コラム
「あの支払い、済んでいましたっけ?」が起きる会社の債務管理、何が問題なのか
「この請求書、もう支払いましたっけ?」
月末や支払日前になると、社内でそんなやり取りが交わされることはありませんか。
請求書を紙で保管していたり、Excelで管理していたりすると、どうしても担当者同士の確認や口頭での引き継ぎに頼らざるを得ない場面が出てきます。
中小企業では限られた人数で経理業務を回しているため、そのような運用になっているのも自然なことです。
ただ、日々の業務が一見問題なく回っているように見えても、その裏には見えにくいリスクや非効率が潜んでいることがあります。
債務管理で起こりやすいリスクとは
請求書や支払予定をExcelや紙で管理している場合、次のような問題が発生しやすくなります。
1. 支払漏れが発生する
請求書が担当者の机の上に置かれたままになっていたり、メールで受領した請求書を見落としてしまったりすると、支払予定表に反映されないまま期日を迎えてしまうことがあります。
支払遅延は取引先との信頼関係に影響するだけでなく、場合によっては遅延損害金が発生することもあります。
2. 二重払いが発生する
複数の担当者が請求書を扱う場合、「誰かが処理しただろう」と思い込んでしまうことがあります。
その結果、実際には未処理だったり、逆に別々の担当者が同じ請求書を支払ってしまったりするケースも考えられます。
特に、メール添付の請求書と紙の請求書が混在している場合は注意が必要です。
3. 支払予定が見えにくい
経営者や管理者から「来月はいくら支払いがありますか」と聞かれた際、複数のExcelファイルや請求書を確認しなければ回答できない、ということはないでしょうか。

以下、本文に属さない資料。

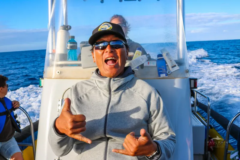 Since 1998, my passion has been with the dolphins and other marine life that frequent this remote and beautiful coastline where often times we are the only boat witnessing the aerial behaviors of the spinner dolphins and humpback whales. I truly love these waters and their inhabitants and look forward to sharing this treasure with you!

支払予定が一覧で把握できていないと、資金繰り(お金の出入りの見通し)の精度にも影響が出てきます。
4. 担当者依存になりやすい
長年担当している社員の経験や記憶に頼った運用では、その担当者が不在の際に業務が滞る可能性があります。
「この取引先は毎月こう処理する」といった暗黙のルールは、意外と社内で共有されていないものです。
5. 転記ミスが発生する
紙の請求書を見ながらExcelに入力し、さらにインターネットバンキングへ手入力する。
こうした“書き写す作業”が増えるほど、金額や振込先の入力ミスが起こりやすくなります。
特に見落とされやすい「未計上」のリスク
これらの中でも、特に注意したいのが「請求書が経理に届いていないため、支払いも計上もされていない」というケースです。
支払漏れは比較的気づきやすく、取引先からの連絡などで発覚することが多いものです。
一方で、請求書そのものが社内で止まっていたり、担当部署から経理へ提出されていなかったりすると、経理部門はその債務(将来支払う義務)の存在に気づくことができません。
その結果、本来計上すべき費用や未払金(まだ支払っていない費用)が決算に反映されない可能性があります。
たとえば、3月決算の会社で、3月中にサービス提供を受けていたにもかかわらず、請求書が4月末まで経理に届かなかったとします。
この場合、3月の費用が計上されず、決算上の利益が実態より多く計上されてしまうことがあります。
もちろん単発であれば大きな問題とならない場合もありますが、こうした漏れが積み重なると、決算の正確性に影響を及ぼします。
また、税務調査の際には「なぜこの費用が計上されていないのか」といった説明が求められることもあります。
請求書の管理は単なる支払業務ではなく、適正な会計処理の前提となる重要なプロセスともいえるでしょう。
まずは現状を見直すことから
債務管理の方法に絶対的な正解があるわけではなく、会社の規模や業務内容によって最適な方法は異なります。
これまでの運用は、限られた人員や時間の中で工夫して築かれてきたものであり、決して否定されるべきものではありません。
ただ、「支払漏れが起きたことがある」「担当者しか状況が分からない」「支払予定をすぐに把握できない」といった場面がある場合は、一度運用を整理してみる価値があるかもしれません。
まずは、請求書の受領から支払いまでの流れを見える化し、どこで情報が滞りやすいのかを確認することから始めてみてはいかがでしょうか。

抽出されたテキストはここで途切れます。